Marta, en cambio, que leía la revista «Signal», le objetaba a Esther que tan delicadas especulaciones no modificarían las bases del conflicto. «El pueblo alemán ha recibido con júbilo la decisión del Führer. Los alemanes están como un solo hombre a su lado y lo obedecerán hasta el final».

¿Y doña Cecilia? ¿Qué opinaba doña Cecilia, hija de un lechero de Palencia y alérgica a los periódicos y a la geografía? Doña Cecilia, en una de las visitas que le hizo a Esther —le gustaba horrores la tarta de nata que ésta le preparaba—, exclamó de pronto:

—¡Hay que ver esos ingleses! ¡Mira que declararle, así por las buenas, la guerra a Alemania!

En cuanto Polonia se rindió —la guerra relámpago fue una realidad—, la opinión general, que ni siquiera se enteró de los comentarios de los disidentes, fue que la suerte estaba echada; en consecuencia, la tensión de aquellas jornadas disminuyó. La expresión más plástica de esta postura, de este cansancio por los avatares bélicos, la dieron los hermanos Costa. Los hermanos Costa, en la cárcel, a raíz de dicha capitulación, les dijeron a los demás reclusos: «¡A ver si olvidamos de una vez este asunto de los polacos! Aquí lo que conviene es organizar campeonatos de ajedrez y fundar un orfeón».

Santas palabras… En resumidas cuentas, ésa era la tesitura de las autoridades… No dejarse avasallar por lo que ocurriera más allá de las fronteras. Ocuparse más que nunca de los problemas internos. «España ha de dedicarse a la reconstrucción».
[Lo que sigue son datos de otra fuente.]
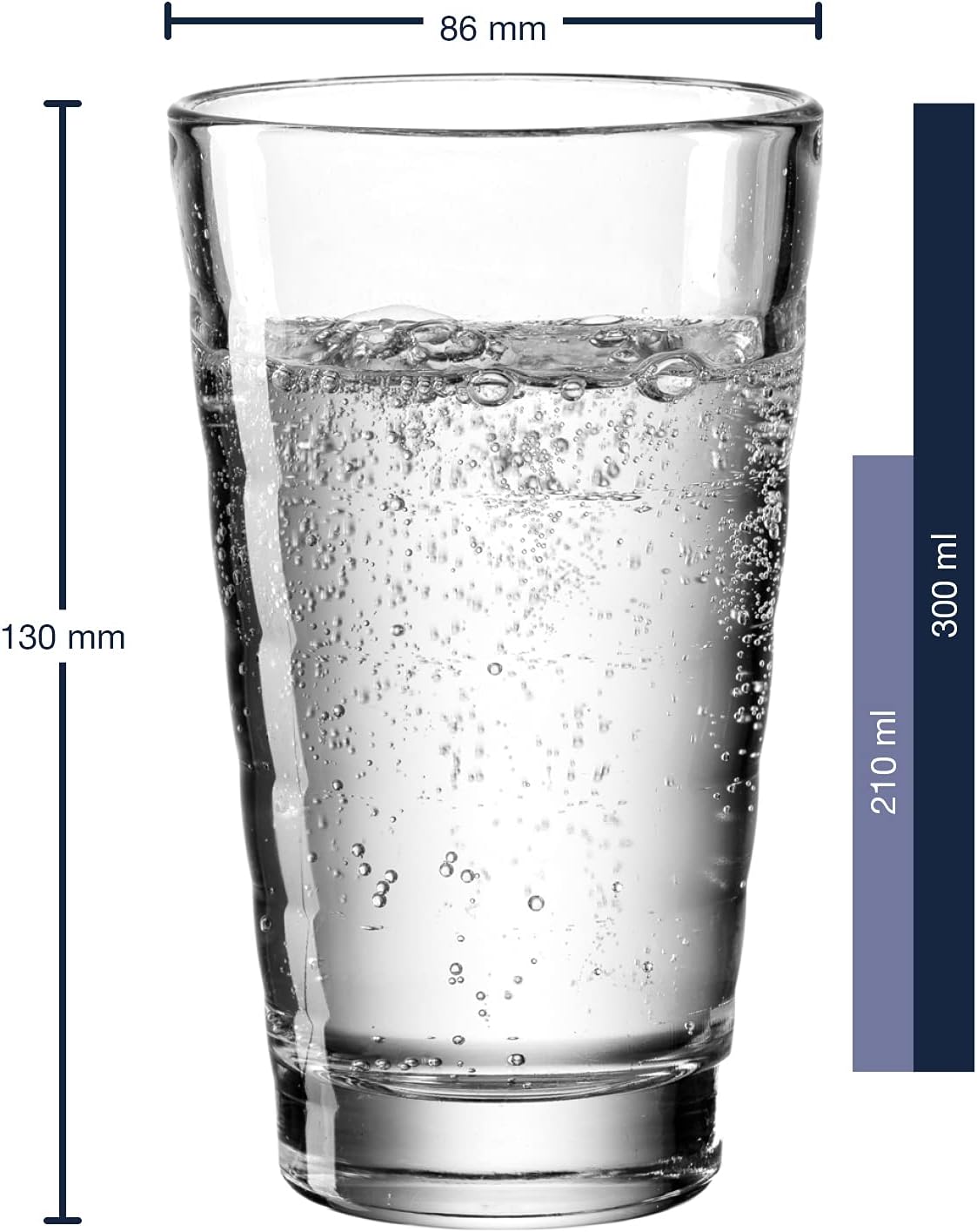 لیوانهای آب لئوناردو هوم اوندا، ۱۲ پارچه (بسته ۱ عددی)، لیوانهای آبمیوه قابل شستشو در ماشین ظرفشویی، فنجانهای شیشهای طرحدار، ۱۲ پارچه، ۲۱۰ میلیلیتر، ۳۰۰ میلیلیتر، شفاف، ۰۱۱۰۱۹

El mes de septiembre era propicio para ello. El calor había disminuido y el calendario marcaba la hora de reanudar la actividad en la provincia. Se necesitaban postes de gasolina; pues a crearlos, concediéndoles la preferencia a los Caballeros Mutilados. Se necesitaban estancos; pues a abrirlos donde fuera preciso, adjudicándolos a las viudas de los «caídos». En Gerona hacía falta una barbería de lujo: ahí estaba un tal Dámaso, dueño de una perfumería,
Perfumería Diana
, para inaugurarla en un entresuelo de la Rambla, con éxito espectacular, pese a que había que subir unos escalones.